French outrage at the scale of NSA espionage is the latest in a series of aftershocks around the world triggered by Edward Snowden’s revelations about U.S. and British espionage that have shaken relations with their allies and partners.
However, in France as in other cases, distinguishing short-term embarrassment from long-term damage is complicated. Much of the backlash has been rhetorical, often from countries with well-developed electronic intelligence capabilities of their own, without immediate concrete consequences for political and economic ties.
But there are prominent exceptions to the general rule, and in many ways the knock-on effects for trade and investment relationships, in Europe and beyond, are only now beginning to make themselves felt. Long-stalled European privacy legislation has been dusted off in the wake of revelations by Snowden — a former NSA contractor now living under temporary asylum in Russia — about the bulk collection of the private phone and Internet communications of European consumers, and the targeting of EU missions in New York and Washington for surveillance.
Brazil has meanwhile made itself a rallying point for global opposition to the long reach of U.S. electronic espionage, after it emerged that the NSA had bugged President Dilma Rousseff and her aides, and targeted the country’s state-run oil company, Petrobras. Ms Rousseff put off a trip to Washington and delivered a stinging denunciation of US surveillance from the podium of the U.N. General Assembly in New York recently.
While the economic and security fallout from the Snowden spy scandal has yet to crystallise fully, there is no little doubt that the U.S. and Britain’s soft power, their ability to build alliances on the claim of moral leadership for example, have suffered a tangible blow.
The initial European reaction to the exposure of the U.S. Prism and the British Tempora programmes was muted.
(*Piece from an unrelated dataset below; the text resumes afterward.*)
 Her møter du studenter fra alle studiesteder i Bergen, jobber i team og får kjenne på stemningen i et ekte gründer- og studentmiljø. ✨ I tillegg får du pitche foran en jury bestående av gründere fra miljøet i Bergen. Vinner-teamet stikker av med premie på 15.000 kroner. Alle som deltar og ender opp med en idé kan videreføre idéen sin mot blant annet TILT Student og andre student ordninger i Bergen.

With Prism, the NSA had a window on the everyday Internet communications of millions of users of the world’s biggest email and social media service providers. The Tempora programme, meanwhile, allowed Britain’s Government Communications Headquarters (GCHQ) to tap directly into the backbone of the global Internet infrastructure, the trans-Atlantic fibre-optic cables, scooping up phone and Internet data of much of the world, including millions of Europeans.
European leaders like Francois Hollande and Angela Merkel voiced displeasure and unease, but let the matter drop. The German interior minister Hans-Peter Friedrich, said he accepted U.S. assurances the spy programmes would not affect ordinary citizens.
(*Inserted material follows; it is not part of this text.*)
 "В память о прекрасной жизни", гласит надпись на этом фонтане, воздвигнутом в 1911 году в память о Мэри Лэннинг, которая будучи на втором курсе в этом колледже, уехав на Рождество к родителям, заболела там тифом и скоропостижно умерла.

In the European parliament, however, the revelations lit a slow-burning fire. After two years on the shelf, new regulations on European data protection standards have been revived that could impose multibillion-dollar fines on U.S. Internet providers if they transfer European data abroad in contravention to European law, which is far stronger on privacy than its U.S. counterpart.
It seems likely the new legislation will further entangle the already fiendishly complicated negotiations over a new Transatlantic Trade and Investment Partnership under way between the U.S. and Europe which both sides had been counting on for an economic boost.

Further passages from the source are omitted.